Jenseits der Klostermauer lagen der Meeresarm und eine kleine Mühle. Oberhalb des Mühlrades gab es einen großen Teich, an dessen Ufern silbrige Binsen wuchsen. Auf dessen Westseite erstreckten sich Felder eine kleine Anhöhe hinauf. Von deren Gipfel aus bot sich eine malerische Aussicht: im Norden Wälder und Heide, so weit das Auge reichte, und im Süden der ertragreiche Moorboden, den die Mönche bereits zum Teil trockengelegt hatten. Die daraus entstandenen üppigen Felder reichten bis hinunter zum Solent, aus dem die Insel Wight wie ein freundlicher Wächter ragte. Die gesamten Ländereien mit Wäldern, Heiden und Feldern hatten eine Größe von etwa dreitausendzweihundert Hektar, und da die Grenze von einem Graben und einem Zaun gebildet wurde, bezeichneten die Mönche nicht nur die Abtei selbst, sondern das ganze Gebiet als ihren »Großen Hof«.
Auf Lateinisch hieß die Abtei Bellus Locus, der schöne Ort, auf Französisch Beau Lieu. Doch da die Waldbewohner des Französischen nicht mächtig waren, sprachen sie es eher wie Boolö aus. Und es dauerte nicht lange, da taten es die Mönche ihnen nach.
Man hätte den großen Hof von Beaulieu in seinem friedlichen Wohlstand also durchaus für einen Garten Eden halten können.
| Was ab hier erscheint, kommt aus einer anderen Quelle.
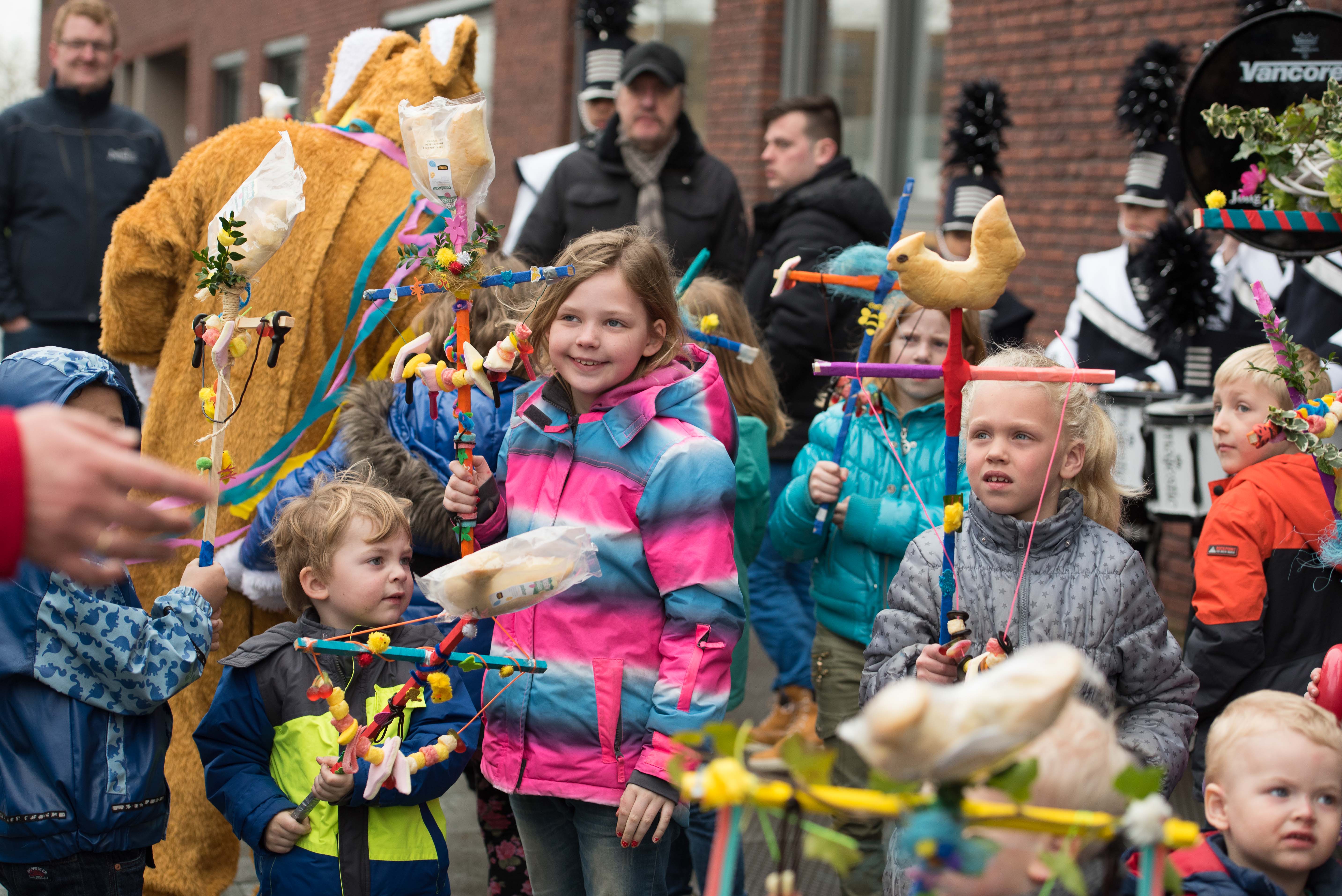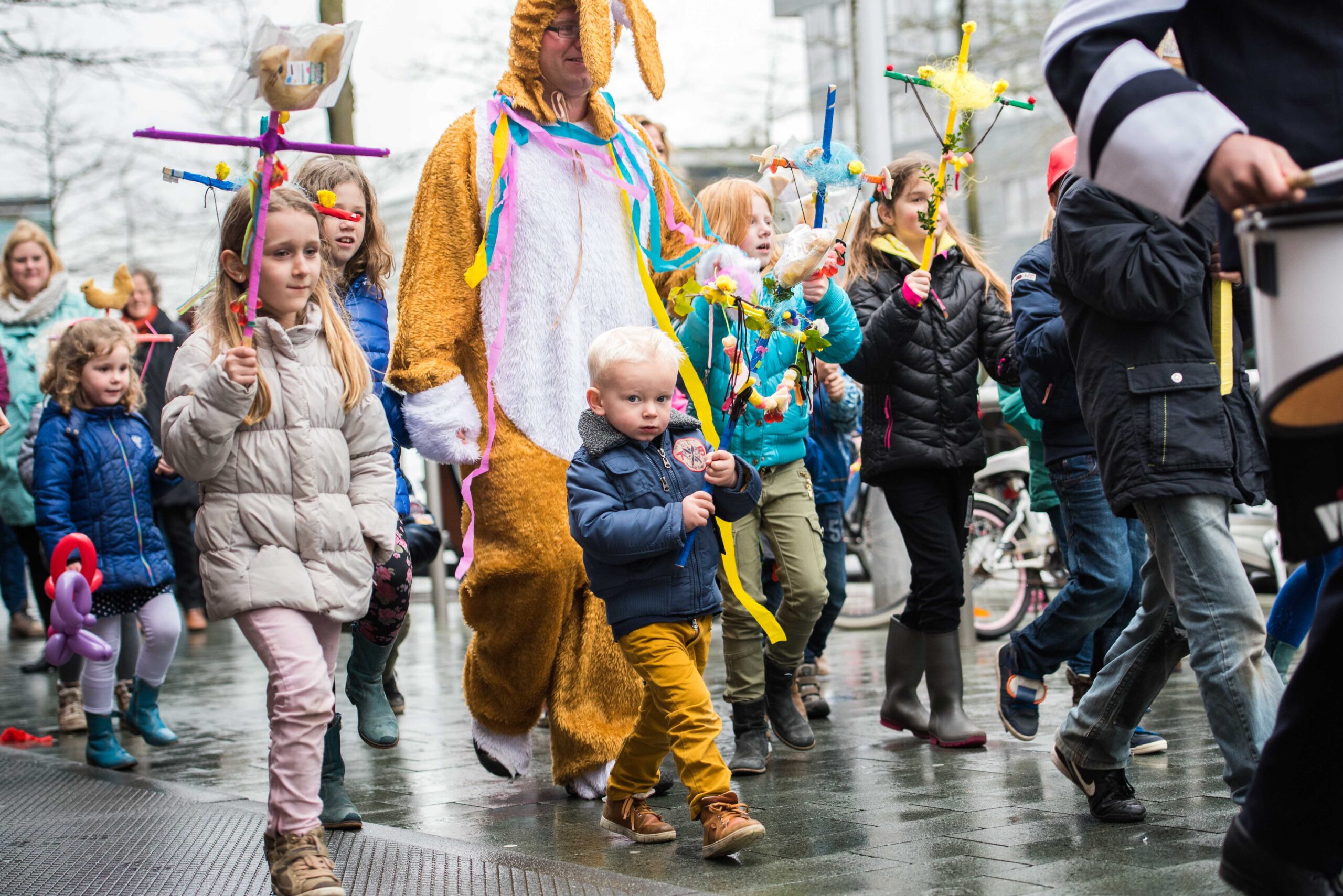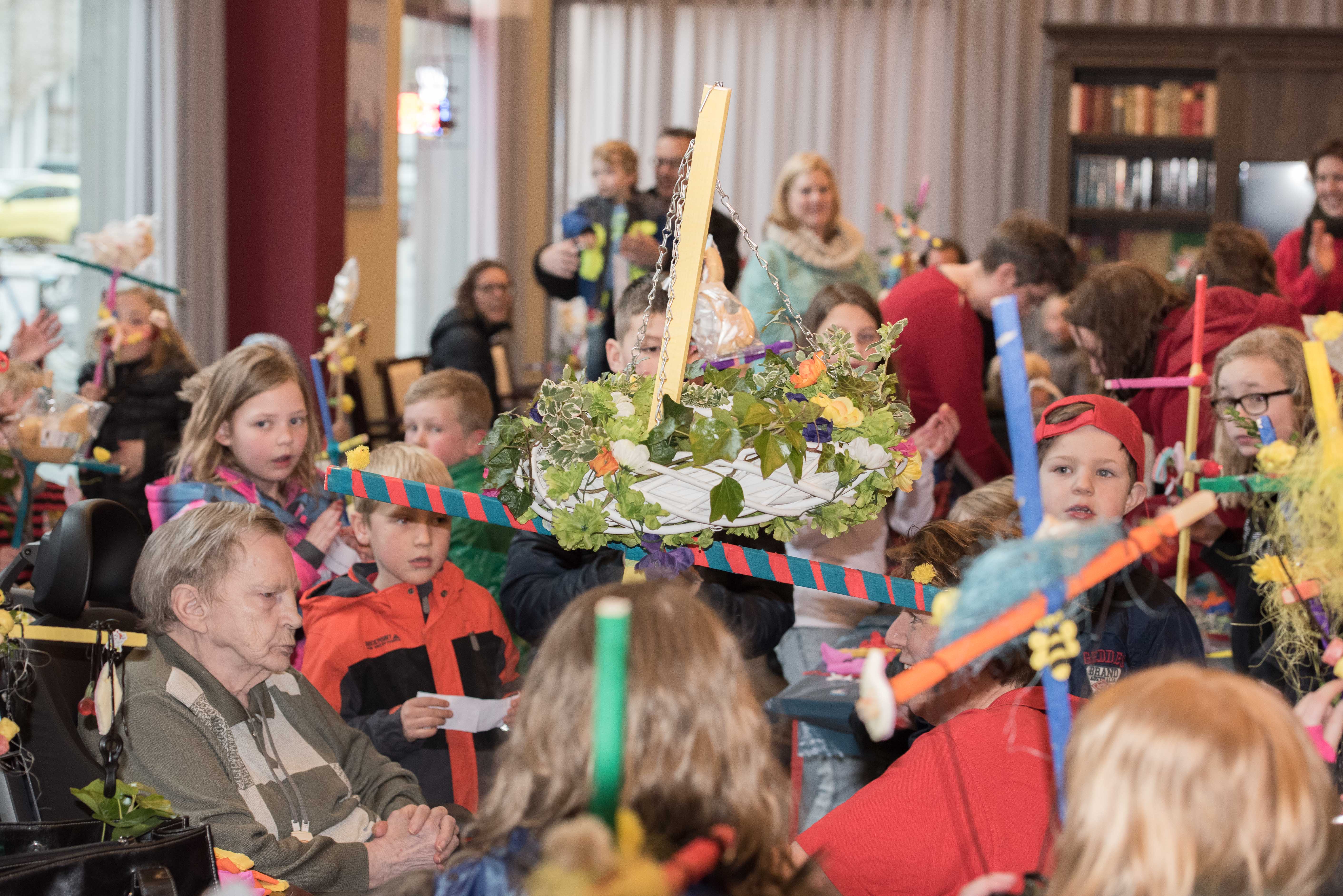 Om 16.00 was het voor de echte doorzetters (het weer werkte niet echt mee) verzamelen met Jong Jubal voor een kleine optocht door het winkelcentrum. Het einde van de optocht was weer in Werkeren. Hier boden de kinderen een supergrote palmpasenstok aan, aan de bewoners.

»Natürlich ist man hier gut aufgehoben«, stellte Bruder Adam freundlich fest. »Wir erhalten hier Kleidung und Nahrung. Wir haben kaum Sorgen. Und nun sage mir«, wandte er sich unvermittelt an den Novizen, »nachdem du nun einige Monate Zeit hattest, dir unsere Lebensweise anzusehen, welches ist die wichtigste Eigenschaft, die ein Mönch besitzen muss?«
»Der Wille, Gott zu dienen, denke ich«, erwiderte der junge Mann. »Einen großen Eifer im Glauben.«
»Wirklich? Ach, du meine Güte. Da bin ich aber anderer Ansicht.«
»Wirklich?« Der Novize wirkte verdattert.